Tussentijds wat gedachten verzetten – ik had er de intentie niet toe. Maar het komt, op kousenvoeten, binnengeslopen. Ook in deze, alweer verhoopte laatste editie. Nummer 12, als mijn telraam het goed voor heeft. Angst voor het afbeelden van mensen en hun roekeloze gedragingen, helmloze bouwvakkers, een toekomstig privaat wingewestje, angst, angst, angst. De grootste angst is niet het aangesproken worden door verongelijkten en verontrusten en eerwaarde verontwaardigden – mijn camera en ik zijn altijd zichtbaar. Maar het stiekeme gemis aan breed beeldmateriaal voor een komende generatie. GDPR dicteert wat wel en niet kan – met andere woorden: de regulatie bepaalt de beeldtaal. De taal van de kritische observator, die snapt dat beelden geduchter kunnen worden dan woorden. Voor woorden moet je kunnen en willen lezen. En men gaat ervan uit dat woorden in al hun gelaagdheden aan vele interpretaties beantwoorden en dus geen objectieve sérieux hebben. Voor beelden geldt uiteraard hetzelfde, maar men neemt/nam de beeldtaal als een objectievere taxatie van de realiteit aan. Geheel ten onrechte, en dat niet alleen bij alle AI-gegenereerde beeltenissen. Foto’s zijn in hun kiemtechnieken al ontmaskerd als echoënde vervalsingen. Echo’s van de realiteit. Meer niet.

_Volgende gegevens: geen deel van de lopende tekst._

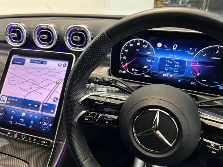 Stunning, high specification Mercedes C-Class with Satellite navigation, 360 degree parking cameras, Heated front seats, Front memory seats, 19" Alloy wheels, Apple carplay, Bluetooth audio and much more. Cared for and maintained to the very highest standard with all Mercedes-benz main agent service history. This new shape C-Class has been independently inspected by the AA for your added peace of mind. We have uploaded a full Hd walkaround video to show the quality both inside and out of this C-Class Premi Peter Scott Cars is an Award Winning family run dealership with over 30 years experience in the sourcing and supply of high quality vehicles..11.9in High Resolution Multimedia Colour Display, 12.3in Digital Individually Configurable Instrument Display, 19in Alloy Wheels - AMG Multi-Spoke Design - Painted in Himalayas Grey with High Sheen-Finish, ABS - Anti-Lock Braking System, Active Bonnet - Pedestrian Safety Measure which Detects an Impact and Raises Bonnet, Active Brake ASSIST PLUS, Active Lane Keeping Assist, Active Parking Assist including PARKTRONIC, Adaptive Brake Assist with Hold Function and Brake Drying Function, Adaptive Brake Lamps, Agility Control - Sports Suspension - Lowered by 15mm, Air Vents - Black with Silver Chrome Elements, Ambient Lighting, AMG Bodystyling - Front and Rear Apron - Side Skirts, AMG Front Bumper with Sporty Air Intakes and Chrome Elements, AMG Rear Bumper with High Gloss Chrome Elements, AMG Skirts in Vehicle Colour, ATTENTION Assist, Automatic Child Seat Recognition Sensor, B Pillar Trim in Glossy Black, Beltline Trim in Chrome, Black Roof Liner, Blind Spot Assist, Brake Calipers with Mercedes-Benz Lettering, Central Locking with Interior Switch - Automatic Locking and Crash Sensor with Emergency Opening Function, Childproof Locks - Manually Operated for Rear Doors and Electrically Operated for Rear Power Windows, DAB Digital Radio Tuner, Dashboard - ARTICO Man-Made Leather, Dashcam, Door Trim Elements - High Gloss Black with Silver Chrome Surroundings and Switches, Dual-Stage Airbags - Driver and Front Passenger - Sidebags in Front Seats - Driver Kneebag - Pelvis Bag and Windowbags for Driver - Front Passenger and Rear Passengers, Dynamic Select with a Choice of Driving Modes - Comfort - ECO - Sport - Sport Plus - Individual, Electric Parking Brake, Electric Windows - 4 - With One-Touch Opening and Closing - including Obstruction Sensors, Electronic Key - Chrome Surround, ESP - Electronic Stability Programme, Extended MBUX Functions, Exterior Mirrors - Heated and Electrically Adjustable, Fingerprint Sensor, First Aid Kit and Warning Triangle, Floor Mats - Black with AMG Lettering, Front Door Sill Panels - Illuminated, Front Seats - Electrical Height and Backrest Adjustment and Four-Way Lumbar Adjustment, Full LED Tail Lights, Gearshift Paddle on Steering Wheel, Headlamps - LED Digital Lamps, Heat and Noise Insulating Acoustic Glass, Heat Insulating Dark Tinted Glass, Heated Front Seats, Interior Lighting Package, ISOFIX Child Seat Attachment Points with Top Tether in Rear, KEYLESS-GO, Luggage Net in Boot and Folding Box Under Luggage, MBUX Augmented Reality
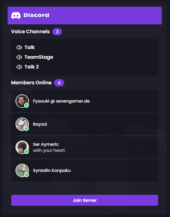 Auf der verlinkten Seite sehe ich nur das gegen die DSGVO verstosende Discord Widget, und das DSGVO konforme Discord Widget von SoftCreatR.
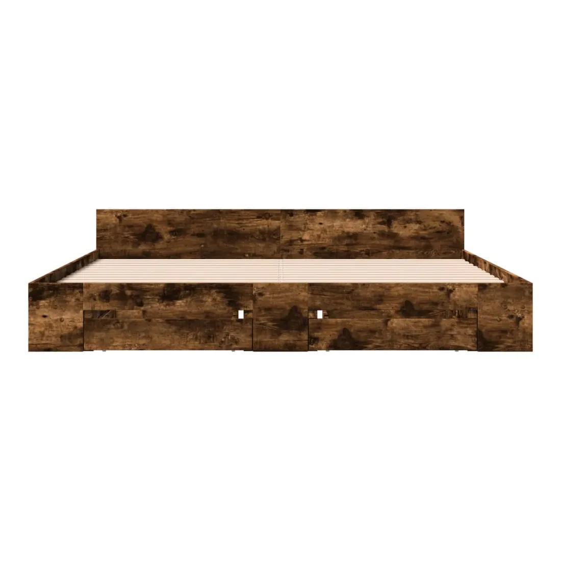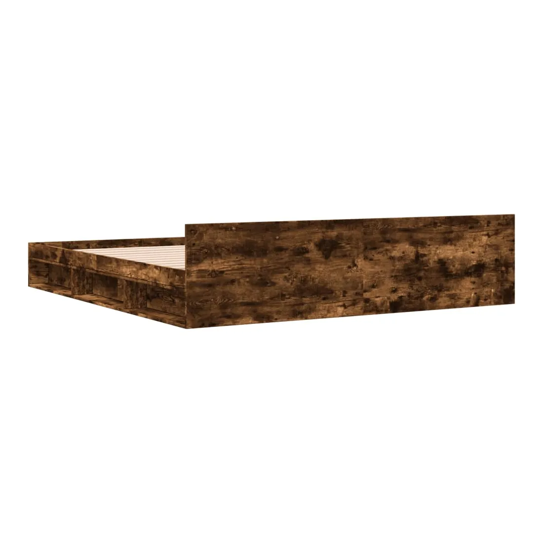 Ajoutez une touche moderne à votre chambre à coucher avec ce cadre de lit avec tiroirs ! Il apportera une touche pratique et décorative à votre espace de vie. Matériau durable : le cadre de lit est fabriquée en bois d'ingénierie. Le bois d'ingénierie est d'une qualité exceptionnelle avec une surface lisse et présente également de la résistance, de la stabilité et de la résistance à l'humidité.Lattes robustes : les lattes de contreplaqué assurent une bonne répartition du poids, garantissant que le matelas reste en place à chaque torsion de votre corps pendant le sommeil.Fonction de rangement : les tiroirs de lit et les compartiments latéraux inclus offrent suffisamment d'espace de rangement pour ranger vos articles essentiels, gardant votre pièce propre et bien rangée. Bon à savoir :Un matelas n'est pas inclus avec ce lit. Nous offrons une sélection variée de matelas. Vous pouvez consulter notre boutique pour trouver un matelas assorti.
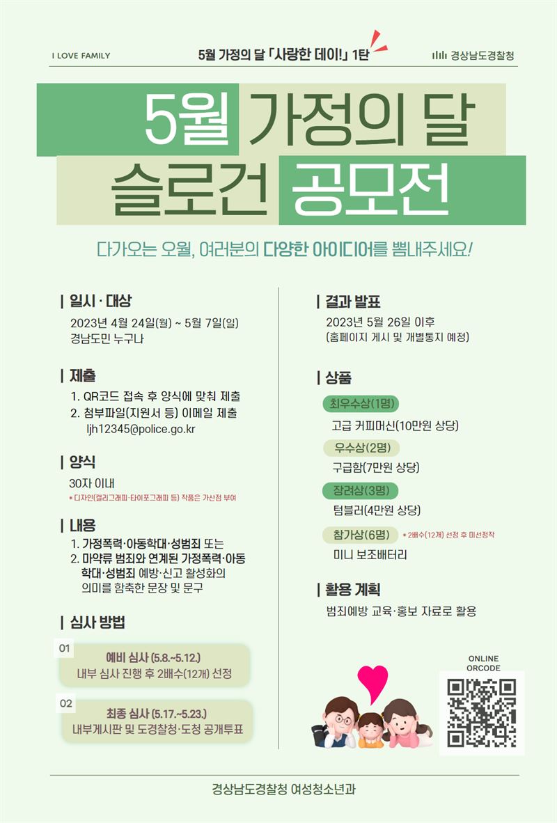경남도경찰청은 가정의 달 5월을 맞아 최근 이슈가 되고 있는 마약류 범죄와 여성·가정 등 사회적 약자 보호를 주제로 한 공모전과 지원사업인 '사랑한 데이!'를 진행한다고 밝혔다.
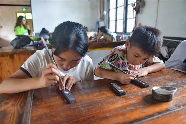 8月15日,研学游的学生们在歙县老胡开文墨厂体验徽墨描金。
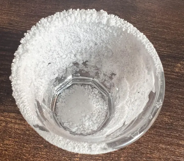 9. ฉันทิ้งน้ำเกลือไว้ในแก้ว และมันก็ก่อตัวเป็นเกล็ดคริสตัลรอบ ๆ ขอบแก้วเลยตอนที่น้ำมันระเหยไปหมด
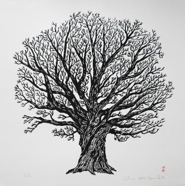Ici, linogravure à 1 pin ou 3 pins. Plus de créations encore dans l'onglet Nature/aquarelles et collages.
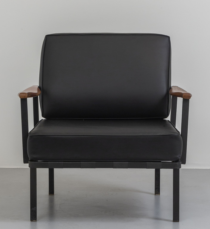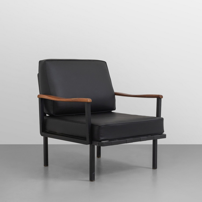 Varnished steel polished wood and vinyl upholstered foam rubber cushions.

Meer dan juridische scherts is de vaststelling dat onze planeet nooit eerder zo precies en zo intens bespied wordt door miljoenen camera’s. De manspersoon die aan de afvalstraat zijn keukenpuin naast een container zet: foto en aan de schandpaal. De menspersoon die zijn huisdier ongeleid laat drollen op mijn stukje trottoir: foto en aan de schandpaal. De Russische tankbemanning die uit een inferno poogt te ontsnappen: foto en video en op hln.be. De regulatie is flexibel en perspectiefgebonden materie.

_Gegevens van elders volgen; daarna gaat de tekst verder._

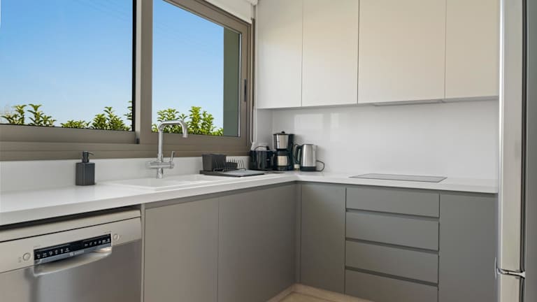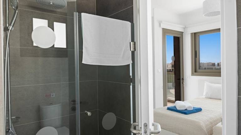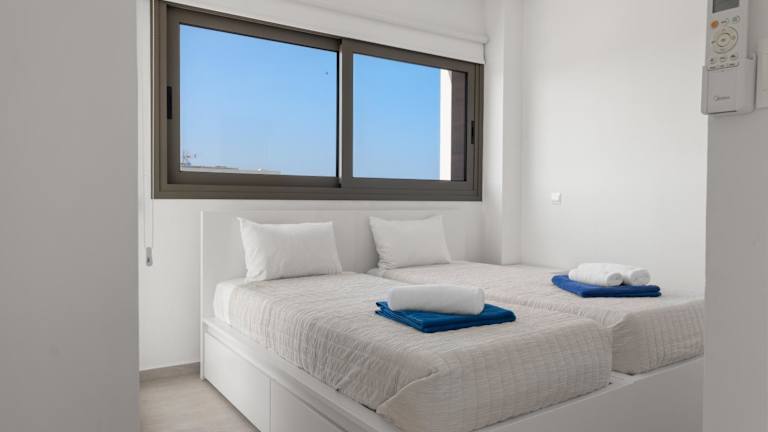 Die Villa bietet Platz in zwei Schlafzimmern und einem Wohnzimmer. Sie ist klimatisiert und beinhaltet eine voll ausgestattete Küche mit Kühlschrank und Kaffeemaschine. Darüber hinaus stehen den Gästen drei Badezimmer mit Dusche und Haartrockner zur Verfügung. Handtücher und Bettwäsche werden bereitgestellt.
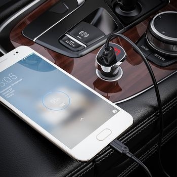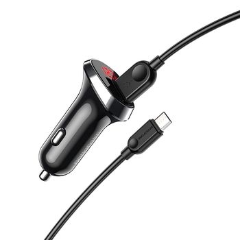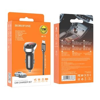 Ładowarka samochodowa 2xUSB Borofone BZ15 Auspicious 2,4A + Kabel Micro USB Czarny
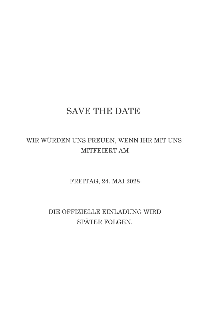 Das Design der von dir gewählten Karte wurde automatisch in andere Formate umgestellt. Wähle einfach deinen Wunschformat aus und platziere alle Texte und Elemente an der richtigen Stelle im Editor. Du hast Fragen oder dein Favorit steht nicht zur Auswahl? Dann kontaktiere uns bitte und wir werden uns gemeinsam darum kümmern!

GDPR is een wapen voor wie de realiteit wil vormen naar eigen goeddunken en welbevinden. En geldt dus zeer arbitrair. De angst om af te beelden is voor een kijkende en oprechte fotograaf de slotronde in zijn bestaan. Tussendoor vraag ik mij af: zou Henri Cartier-Bresson de inseminator van de documentaire fotografie geworden zijn, in een GDPR-context? Je mag het zeggen.
Een tussentijdse tekst: het kan uitlopen. Ik had geen kwalijke gedachten ter zake, maar ik kijk naar mijn beeldjes. Is er eentje GDPR-proof? Ik dacht het niet. Altijd staat wel iets wederrechtelijk te branden in mijn lens. Een kind, een gepensioneerde, een baksteenlegger met de foute oorbescherming. Maar ah. Een echte fotograaf werkt toch voor de eeuwigheid? En in 2062 zal geen mens nog malen om een afbeelding van een voorouder. Intussen moet het podium wel schoongeveegd worden, voor de galerij en voor de ‘exposure’ (ik haat het woord ook) van hippe beeldenmakers, met ingevulde en ondertekende GDPR-verklaringen. Of het moet ‘altijd ergens, altijd iets’ zijn, een plekje bezijden het podium, waar enkel de randfiguren nog even geduld worden, in afwachting van afsterving.
GDPR, het maakt een mens tot een bijtend wezen.